Sur scène, deux hommes. D’un côté, un Dj devant sa table de mixage. De l’autre, un jeune homme qui se retourne sur sa vie. Des mots et de la musique qui racontent une enfance pas heureuse avec un père qui rêve de faire de son fils un footballeur, un passeur de génie qui donnerait la coupe à son pays. Ce rêve a avorté mais le fils est devenu un passeur. Pas de ballon mais d’hommes candidats à l’émigration. Jusqu’à ce jour où il envoie deux enfants à la mort. La médiatisation de ces morts oblige les autorités à rechercher les responsables. Alors il décide à son tour de tenter la traversée de l’Atlantique. Avant de se lancer sur les routes de l’aventure, il s’adresse au père absent.
Entre les beats rageurs de la musique techno le monologue du passeur nous conte par le menu l’émigration clandestine. Il roule des mécaniques, se la joue en mode gangster, mais il n’est pas dupe. Il sait qu’il n’est qu’un rouage dans l’engrenage de l’émigration clandestine. Il a beau se gargariser de mots sur les liasses qu’il dépense en boîte, sur les filles dont il abuse, sur les pauvres hères qu’il envoie au casse-pipe sans état d’âme, ce passeur est juste une petite frappe.
Kader Lassina Touré est dans ce monologue d’une énergie féline. Son interprétation est plus proche de la performance d’athlète. Pendant une heure, l’acteur crie, hurle son mal-être, danse et sans que jamais l’on sente l’énergie faiblir.
Le texte de Gustave Akakpo, malgré sa puissance d’évocation fait partie d’un vaste corpus de pièces qui ont abordé l’émigration dans la première décennie des années 2000 ; de ce fait, il aurait pu être un bras qui se perd dans la mer des textes écrits sur l’émigration sans cette mise en scène audacieuse. En effet, en le plongeant dans un bain de sonores, en le slamant, en le hurlant dans un déchainement d’électro, Arrêt sur image s’entend comme une partition. De plus, les paroles d’émigrés qui traversent le texte à travers les lettres d’émigrés que ceux-ci adressent à leur famille, donnent une allure plus documentaire. Au choc des mots et des notes, ces lettres ajoutent le poids des vies réelles qui lestent le texte d’une dimension réaliste. Plus que la recherche d’un Eldorado, les candidats au départ entendent fuir un avenir bouché. La plupart mènent une vie de forçat dans le pays d’accueil pour envoyer de l’argent à la famille restée au pays pour scolariser les gosses, relever des murs écroulés, offrir un toit qui ne fuit pas à ses géniteurs, marier un frère, etc. Après les récentes tragédies des centaines d’Africains engloutis dans le ventre de l’Atlantique, cette pièce est d’une brûlante actualité.
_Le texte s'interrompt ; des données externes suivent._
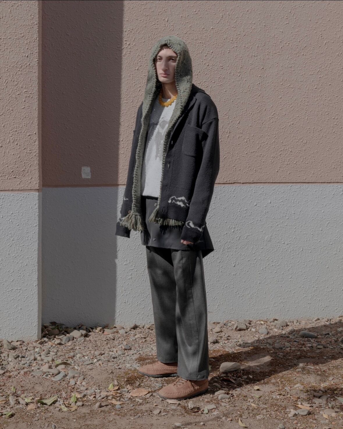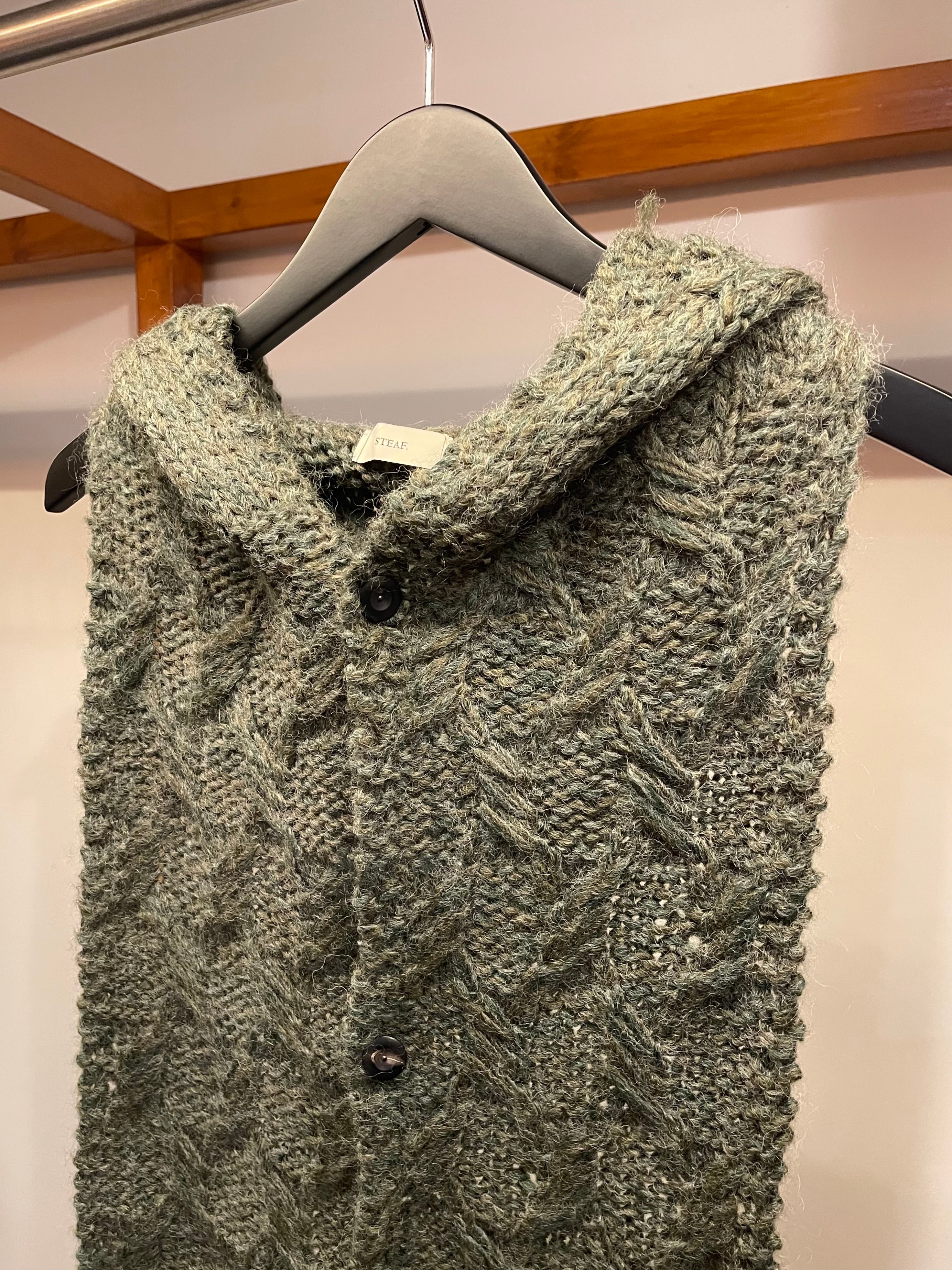 オールハンドメイドのフード付きマフラー。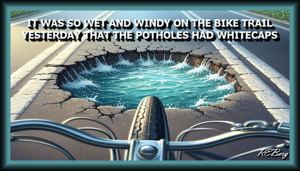 Image June 6, 2024June 6, 2024 R.E. Berg Deadly Living, humor, Irrational Recreation, joke, Lively Dying, Marginal Entertainment, meme bicycle, bike, potholes, ride, trail, waves, wet, whitecaps, windy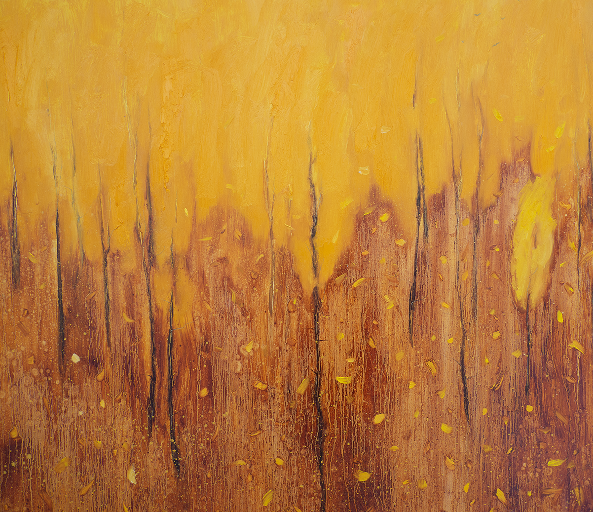It depicts a forest of larch trees. In autumn, the larch trees begin to turn yellow and become fiery red. The forest is beautiful and mesmerizing at this time.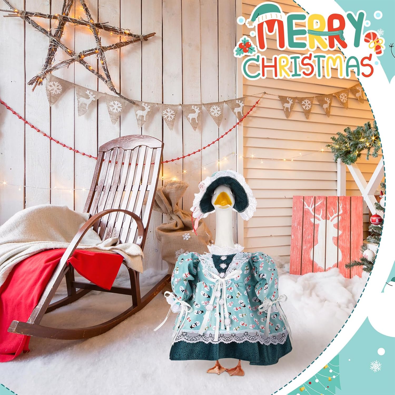 Suzile Snowman Goose Outfit Winter Dresses Christmas Clothes for 23" High Cement or Plastic Porch Goose Costume for Yard Lawn Outdoor Garden Patio Statue Xmas Holiday Decor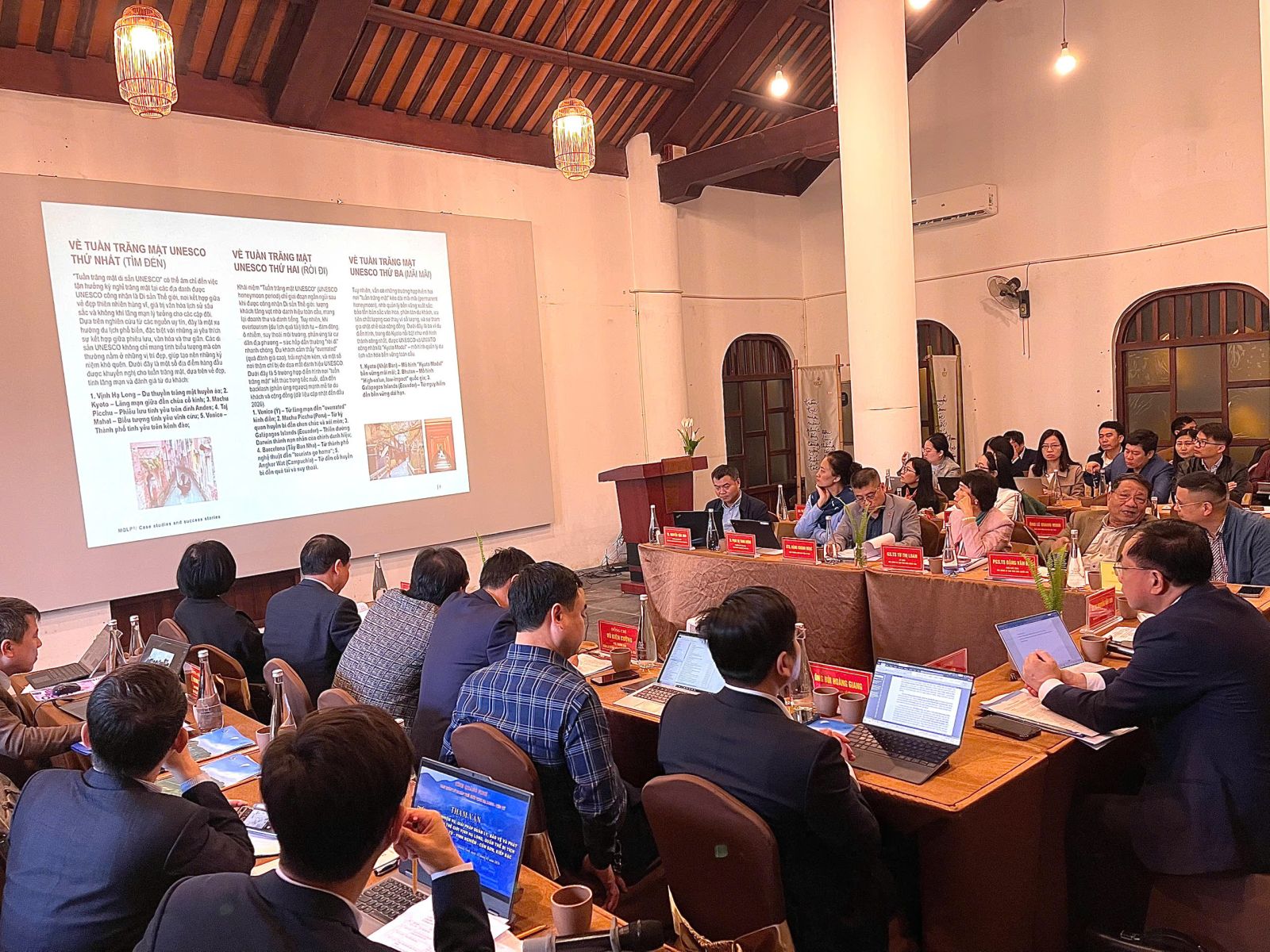 Trong phiên làm việc buổi sáng, các chuyên gia tập trung tham vấn đối với ba nội dung trọng tâm gồm: (1) Đề án nâng tầm giá trị Di sản- Kỳ quan thiên nhiên thế giới vịnh Hạ Long, (2) Đề án bảo tồn và phát huy giá trị Di sản văn hóa thế giới Quần thể di tích và danh thắng Yên Tử-Vĩnh Nghiêm- Côn Sơn, Kiếp Bạc, (3) Nội dung việc lập Quy hoạch bảo quản, tu bổ, phục hồi Quần thể di tích và danh thắng Yên Tử- Vĩnh Nghiêm- Côn Sơn, Kiếp Bạc. Nhiều ý kiến chuyên sâu đã được trao đổi, làm rõ định hướng, giải pháp và cách thức triển khai trong thời gian tới.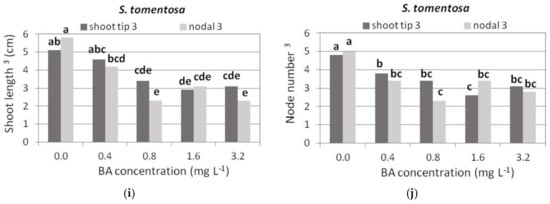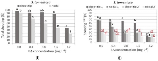 In S. tomentosa, shoot tip explants responded at higher percentages to produce shoots, both normal and hyperhydrated, compared to single node explants, and Hf medium induced the highest response, similar to 0.4 and 0.8 mg L−1 BA media, while the response percentage was almost halved in the medium with 3.2 mg L−1 BA (Figure 4i,j). The percentage of hyperhydrated explants was not affected by the medium plant growth regulators in both explant types (Figure 4j).

La mise en scène de Cédrix Brossard réussit le prodige d’utiliser la musique sans nuire au texte. D’ailleurs, elle agit dans la pièce comme le lièvre dans la course de vitesse, elle accompagne le texte, lui insuffle de la puissance quand il paraît se traîner et s’éclipse quand il le faut pour le laisser franchir, seul, la ligne d’arrivée. Présente mais jamais envahissante, la musique est à sa place et le spectacle reste théâtral et non une rave party !
Ce spectacle qui se joue des frontières entre musique et théâtre refuse aussi le cloisonnement des spectacles. Il a été joué dans la plupart des espaces culturels de Ouagadougou. C’est un bel exemple de démocratisation du théâtre que les créateurs de spectacles devraient suivre pour offrir le théâtre à un large public.